A study led by Professor Wakschlag found that while anger and inappropriate expressions of anger were common in children under age six, some expressions of anger were the sign of a problem requiring professional intervention. The researchers analyzed the behavior of 1, 490 preschoolers. They found that there is cause for concern if your child displays certain types of behavior several times a week.
According to several scientific studies, here are a few things you should pay attention to if you are worried about how your child manages anger:
- Duration of your child’s anger-provoked behavior: Short-lived expressions of anger are normal, but when your child continues to act angry about events that happened hours or even days ago, then that could mean that they need help to process their emotions.
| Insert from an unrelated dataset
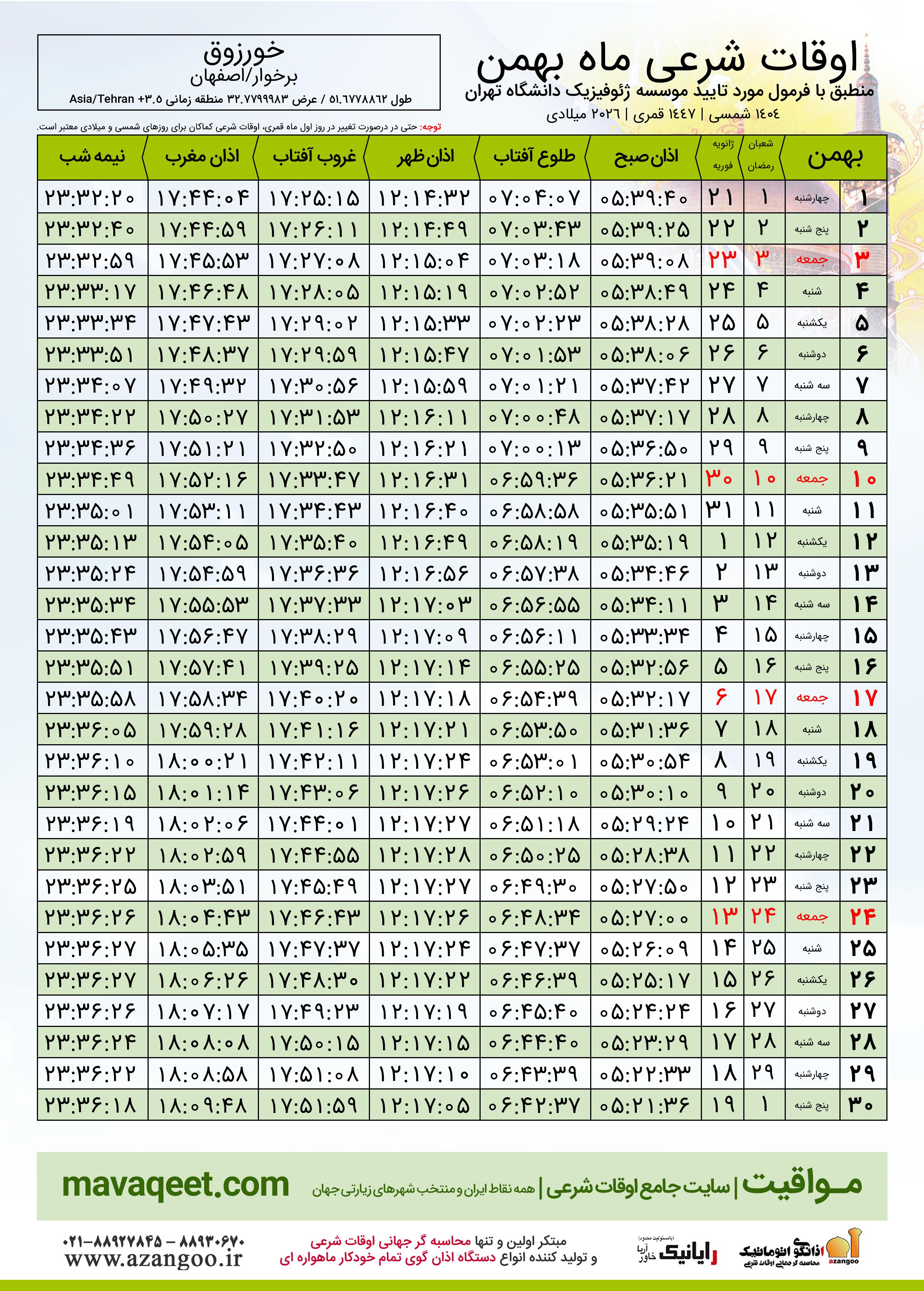 دانلود اوقات شرعی بهمن ٠٤ - ١٤٠٤ شهر خورزوق

Also, if they always seem to react in the same way (angry) to most situations, then they need help to learn to express their anger more effectively.
2) Intensity of your child’s anger-related behavior: If your child reactions are often disproportionate to most situations, then they need help to cope with anger. Disproportionate reactions may look like: panic attacks despite the absence of threatening situations, intense clinginess, intense reactions, violent outbursts “out of nowhere”, and so on.
3) Harmful behavior: Your child’s harmful anger-provoked behavior toward themselves or others is always cause for concern. This may include behavior such as head banging, bruising, scratching the skin, biting, hitting, kicking, breaking things, and general aggressive behavior.
4) Developmentally inappropriate behavior may be a sign that your child needs help managing anger: Anger issues and angry outbursts are common in children, but they decrease in frequency and intensity as your child grows older and learns to better understand and cope with difficult emotions.
As children develop new skills as they grow older, they tend to better manage difficult situations that sparked their anger in the past. If your child is still expressing their anger as they did ever since they were little, this may be a sign that they are lacking the skills to help them deal with anger. Anger issues are also common among children struggling with conditions such as ADHD, autism and obsessive-compulsive disorder.
5) The context in which your child’s anger-provoked behavior occurs may be a sign of the existence of anger issues. Many teachers would be surprised to learn that the “calm kids” they have in school are actually “angry tornados” at home. The thing is, children behave worse in the places where they feel safest. This means that your child may need help managing anger if they are angry all the time and everywhere (school, extracurricular activities, with friends, with siblings, etc.) and if their behavior is disruptive to your family life.
6) Regression. A child’s regression often sparks worry, and while it is a relatively common occurrence, intense and frequent expressions of anger coupled with regression may be a sign that your child needs support to overcome their anger issues. Some of the habits you may notice may include disrupted eating and sleeping habits, taking up habits that had been abandoned in the past (bed wetting, thumb sucking, etc.), the onset of new behavior such as separation anxiety and so on.
Professor Wakschlag and colleagues developed a list that can help you determine, based on the frequency of certain behavior, whether you should worry about your child. Here is a FREE PRINTABLE COPY based on the study to help you better analyze your child’s anger-provoked behavior.
There is no need to panic if you have noticed any of these behavioral traits in your child. If they are struggling with anger issues, age-appropriate resources can give you the tools you need to change the behavior of even the most “difficult” kids.